Horizontal subcontracting or outsourcing between power-generating firms typically takes place close to delivery, for example on a day-ahead or intraday market, after firms have undertaken long-term delivery commitments with their end-customers or downstream retailers. This physical trading between competing firms is already gaining significance because intermittent power generation, which is growing, is imperfectly correlated. Indeed, Monforti, Gaetani and Vignati (2016) analyse the synchronicity of wind power production in a number of EU member states compared with the EU average.[9] They show that wind power production in peripheral countries is less correlated with the rest of the EU as compared with central European countries. In 2012, around two-thirds of the power traded on Elbas, an important European intraday market, crossed borders.[10]

Conclusions

Today, policy choices often favour low-carbon (intermittent) sources such as wind and solar. These sources have enjoyed dispatch priority or extensive subsidies, for example. As a result, conventional units have moved up the dispatch curve (i.e. become more expensive relative to the low-carbon sources).[11] For example, gas-fired plants operate fewer hours and may be mothballed due to their high maintenance costs.

At the same time, however, these policies encourage firms to shift generation from dispatchable units towards intermittent units by outsourcing generation through horizontal subcontracting. Gas-fired plants then serve an important strategic purpose. Firms that are equipped with inexpensive dispatchable generation are favoured, as they attain the best subcontracting terms.

These insights offer a framework to analyse generators’ investment incentives as they increasingly come to rely on intermittent power sources.[12] From this perspective, there is an important distinction between profitability at the firm level and profitability at the plant level.
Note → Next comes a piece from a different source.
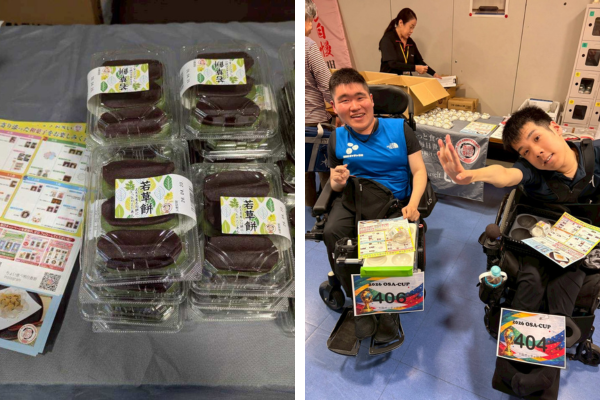 明日香野は「若草餅」「プチ白あんこ餅」を選手やスタッフにお届け。試合の合間やリカバリー時間に、選手たちが和菓子を手に取っていました。口当たりの柔らかさとエネルギー補給のしやすさは、重度障がいのある選手にとっても特にありがたい存在となり、「食べやすい」「ちょうどいい甘さで力が戻る」などの声が多く聞かれました。長時間にわたり運営を支えるスタッフにとって「ほっと一息つけるひと口」にもなりました。

Firms benefit from having dispatchable facilities that operate few or even zero hours per year, as it limits the contracting costs paid to competitors.[13] Thus, the revenues generated by peaking plants need not cover the investment and variable costs. Plant profitability is not a necessary condition for profit maximisation, as a firm can maximise its profits by holding idle generation capacity.[14]

Rather than closing down gas-fired plants, it may therefore be necessary (although not sufficient) to provide only a few hours of operation. Mothballing is not all about capacity factors.

Jan Bouckaert and Geert Van Moer

Contact: Jostein Kristensen
Notes

[1] New York Independent System Operator (2010), ‘Growing Wind—Final Report of the NYISO 2010 Wind Generation Study’, accessed 19 January 2018.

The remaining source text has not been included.